After a tremendous year, Amy Schneider wins the “Jeopardy!” tournament of champions

In this undated photo released by Jeopardy Productions, Inc., “Jeopardy!” presenter Ken Jennings poses with Amy Schneider, the winner of the show’s tournament of champions on November 21, 2022. Tyler Golden / Sony Pictures Television / Jeopardy Productions, Inc. / Courtesy of AP)

Monday’s episode of “Jeopardy!” featured the victory of Amy Schneider, a forty-game “Jeopardy!” champion, in a fiercely contested tournament of champions.

Schneider, a writer from Oakland, California, won three games in the tournament finals, edging out Andrew He, a software developer from nearby San Francisco, who won two games. Sam Buttrey, the third contender, was another Californian. He won one game.

Schneider’s 40-game winning run, the second-longest in the history of the game show, began when she defeated He earlier this year.

She stated that she both desired and dreaded a rematch with He, known for his cold-blooded large wagers on the show’s Daily Doubles.
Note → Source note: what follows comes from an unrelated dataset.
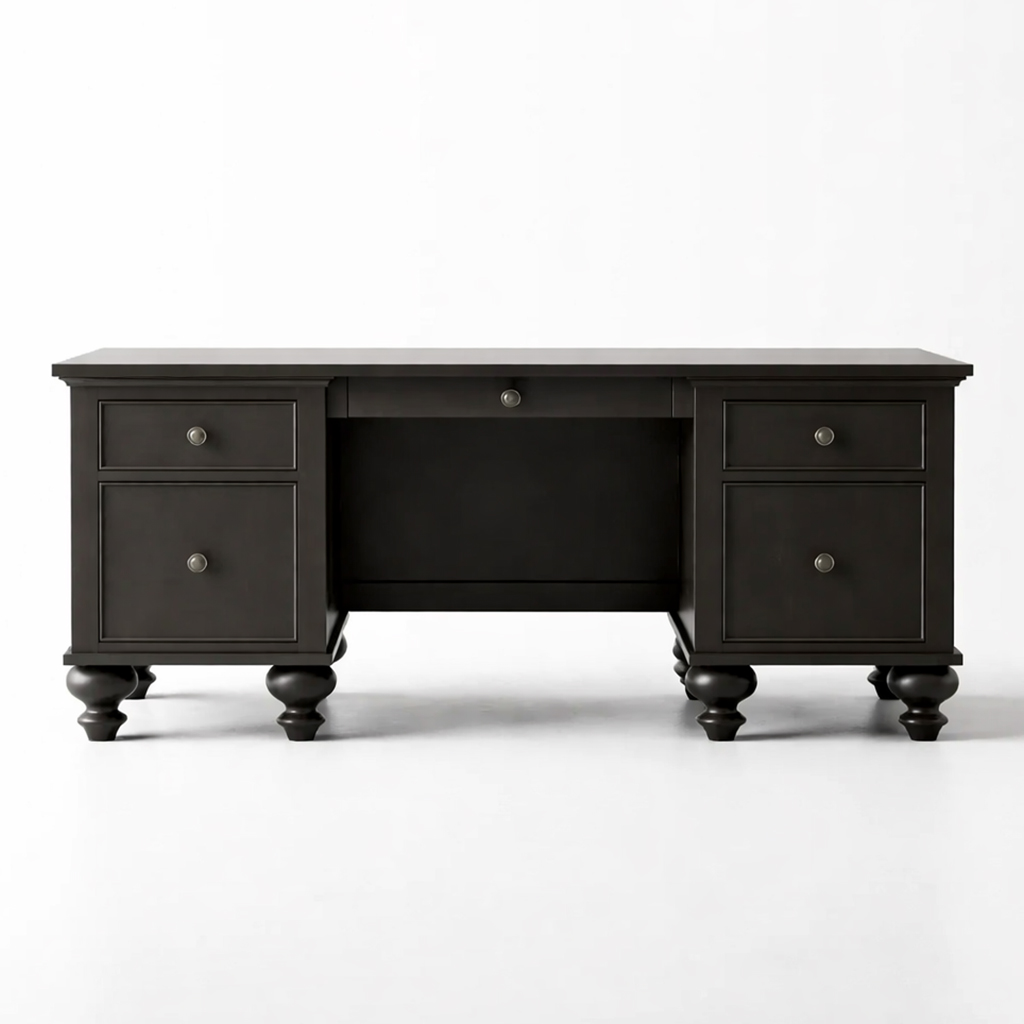 The Brooklyn Solid Wood Executive Desk brings traditional craftsmanship and strong architectural detailing to the modern workspace. Built entirely from solid wood, this desk features a generous work surface, central drawer, and dual side storage for organized functionality. Turned legs and paneled sides add character and presence, making it ideal for executive home offices or professional settings. Designed for durability and everyday performance, the Brooklyn desk offers timeless style with dependable craftsmanship.

Schneider stated, “I knew he was capable of defeating me because he had come close to doing so in the past, and he did it a couple of times here as well.” Any one of the three of us could have won if a tiny number of circumstances had transpired differently.

Schneider led He by $1,400 entering Final Jeopardy, where the clue was: “The January 12, 1864 Washington Evening Star reported on a presentation of this ‘dashing farce’ to a “full and pleased” audience.”

What is “Our American Cousin?” is the right response.

Both Schneider and He provided the correct response, but Schneider placed the larger wager. She earned the main prize of $250,000, he received $200,000 for coming in second, and Buttrey won $50,000.

John Wilkes Booth fatally killed President Abraham Lincoln on April 14, 1865, during a performance of “Our American Cousin” at Ford’s Theatre in Washington.